7 Questions to Ask a Family Law Attorney Before You Hire Them

Hiring a family law attorney is one of the most important decisions you’ll make. It’s your family on the line. Here are seven questions to make sure the attorney fighting for you is best suited for your unique case law tutor London.

How do you know which attorney is best for you?

Most people probably have a dozen in a few mile radius, a hundred in their county and thousands within their state. Yes, it takes a lot to pass the bar exam and become an attorney. But it takes a lot more than an A grade to excel as your attorney.

Your is italicized there for a reason. Attorneys don’t come in a one-size fits all category; they need to fit your needs, desires and specifications.

What do you want in a lawyer?

Everyone wants a successful lawyer in their corner and many will have examples of how they are just that (no one advertises loses). Phoenix family law attorney Scott Stewart advises his potential clients to have many consultations prior to hiring an attorney to find out what else they’re looking for.

“The more selective you are in choosing a divorce attorney, the more confident you will be, both in representation and in the legal proceedings,” says Stewart, owner of Stewart Law Group.


Here are seven question to ask a family law or divorce attorney during the consultation:

1. Is your law firm focused solely on divorce and family law or multiple practice areas?

Family law matters are handled in family courts, not judicial ones. It’s literally a whole new courtroom with judges who only play in the family arena. An ideal attorney is someone who regularly interacts with the family courts and is current on the ever changing family laws. Of course, experience also comes into play here- if they’ve yet to handle a child custody hearing but only practice family law you may still want to continue your search. A seasoned and one-practice attorney should have a skilled team prepared to effectively and efficiently help you.

One exception: attorneys are more likely to be efficient in multiple practice areas when you live in a small town.

2. Will you be the attorney handling my case or will it be handed off to another attorney at the firm?

At some firms, the attorney you meet with will not be the person handling your case. The initial consultation is not only for you to feel out the attorney, but for them to outline and explain possible courses of action they can take for you. This means you are sharing pivotal information about your legal matter with them- information the attorney handling your case not only needs to know, but needs to hear from you. If they say someone else will handle the case ask to meet with that person and get their contact information before leaving.

3. What credentials do you and your firm bring to my representation?

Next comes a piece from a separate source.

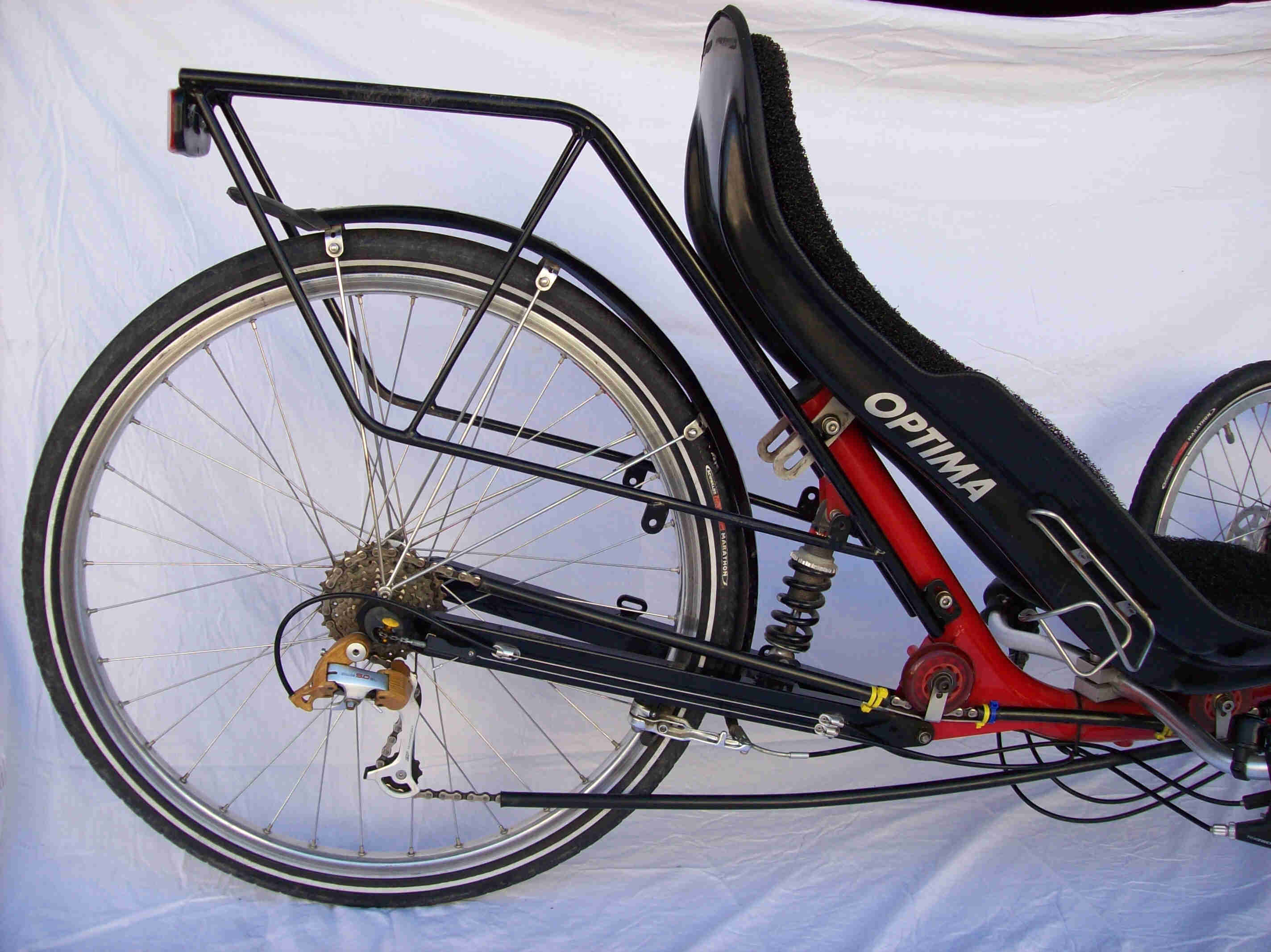 Trike Updates January 2, 2002: Since we bought the Greenspeed tandem, I haven't put a lot of miles on the Optima - have about 2100 miles to date. Finally have the alignment dialed in. Replaced the original rear tire with a Schwalbe Marathon 26 X 1.5 @ 2000 miles. Added an Air Zound horn - it's really loud. July 12, 2001: The Primo Comets only lasted around 200 miles (primarily due to the soft rubber composition, but alignment is still a bit off). I added a new set of Schwalbes and they have done OK through the first couple of hundred miles. Mileage to date: 1810 May 8, 2001: The Schwalbes finally packed it in during Cycle Main Street. The bike guy only had a set of Kevlar Primo Comets, so we'll see what happens. Wear on the right is still worse than the left - must continue to adjust alignment. Did a bit of preparation before going on this tour: I've had two chain idlers fracture since new, so I had a couple of rollerblade wheels machined into rollers and added a second idler as Optima does with the Riders with the front triple chain ring. The new idlers are much quieter and seem to roll better too. My friend Perry Templeton has made a new seat cover for me - it worked alright, but we're working on a new design that should be even cooler. Longest ride to date: 83.83 miles during Cycle Main Street. Around 1400 miles on the odometer. February 21, 2001: Replaced the tires with Schwalbe Marathon (20 X 1.5). These tires seem to be more substantial than the Schwalbe City Jets and sport Kevlar lining. Unfortunately, they barely fit under the fenders - and will probably force me to come up with a new fender solution. Alignment seems to be holding, and with around 100 miles accumulated, wear is minimal. Did my longest trike ride to date (40 miles) with the Austin Cycling Club. January 28, 2001: 586 miles on the odometer (mostly riding in the city of San Antonio, with a few club rides thrown in) and the front tires are worn to the casing. Time to shop for new tires... and speaking of tires and wheels, after a total of 5 broken spokes on the front, the wheels went in for a rebuild - don't know whether the breakage was due to a bad build or my riding style. Otherwise, things are going well, though the seat bolts have a tendency to work loose. I didn't like the thickness of the seat pad, so I've purchased some open-cell foam and have cut it to fit the seat. Once it's dialed in, I'll have a cover made. New accessories: water bottle cage attached to right side of seat, panniers (Performance brand cheap-Os), and an Arkel utility basket for groceries.

Examine the entire firm’s – partners, associates and paralegals- qualifications, credentials and awards. Becoming a Certified Family Law Specialist is one of the most notable credentials awarded on a state level. Only awarded to a select number of attorneys in a state, it requires additional schooling, legal writings and hours logged. Other possibilities may include certifications, legal memberships and authorship.

4. What is your communication style with clients?

Attorneys are busy and you are most likely not their sole client; however, that doesn’t mean returning your phone calls in a reasonable time (within 24 hours) is optional. Will you get the quickest response through email or phone calls? Will you always speak with them or a paralegal? Will they provide copies of all the documents related to your case? This includes orders issued by the courts, documents filed with the court, and correspondence between the other side’s attorneys. Make sure their communication style either matches yours or suits your desires. You can check out reviews also to see if they match what they tell you.

5. Have you, anyone potentially handling my case or working at your firm been sanctioned for an attorney ethics violation?

Attorneys are held to high ethical standards and separate from the bar, must also pass an ethics exam before receiving their attorney status. State Bar boards regulate all attorneys under them and will discipline when they see fit for various ethic violations like professional misconduct. Punishments may include a reprimand, probation, suspension, restitution and even revocation of their license (though you shouldn’t run into the latter during a consultation). Such punishments are not directed down lightly; make sure you can trust your selected attorney – and their staff- to handle your case in a professional manner with competence and character.

6. Do they have experience handling high asset property divisions or finding hidden assets?

This question should be tailored to your specific needs. Every divorce is unique but most include dividing up property and some unfortunately come with attempts to hide property from their soon to be ex-spouses. Depending on your family’s assets, business deals, stock portfolios, tax and debt issues, etc your attorney will need to be well-versed in high asset divorces to ensure your property remains yours.

7. How much will your legal representation cost?

This is the last question because you should now know their qualifications and professional background and they should know intimate details about your family law matter. After all this is done, they should be able to provide a base estimate of what they will charge for legal services and you can asses if it’s reasonable. Don’t forget the details though- ask if there’s an up-front fee, what their billing process is like, how they bill their time and if there’s extra charges for having to appear in court.


Choosing a family law attorney is one of the most important decisions you’ll make at a highly emotional time. Read reviews, meet multiple qualified attorneys and ask them the tough questions.

There’s only one goal at the end of the family court system: the most favorable results possible for you and your children.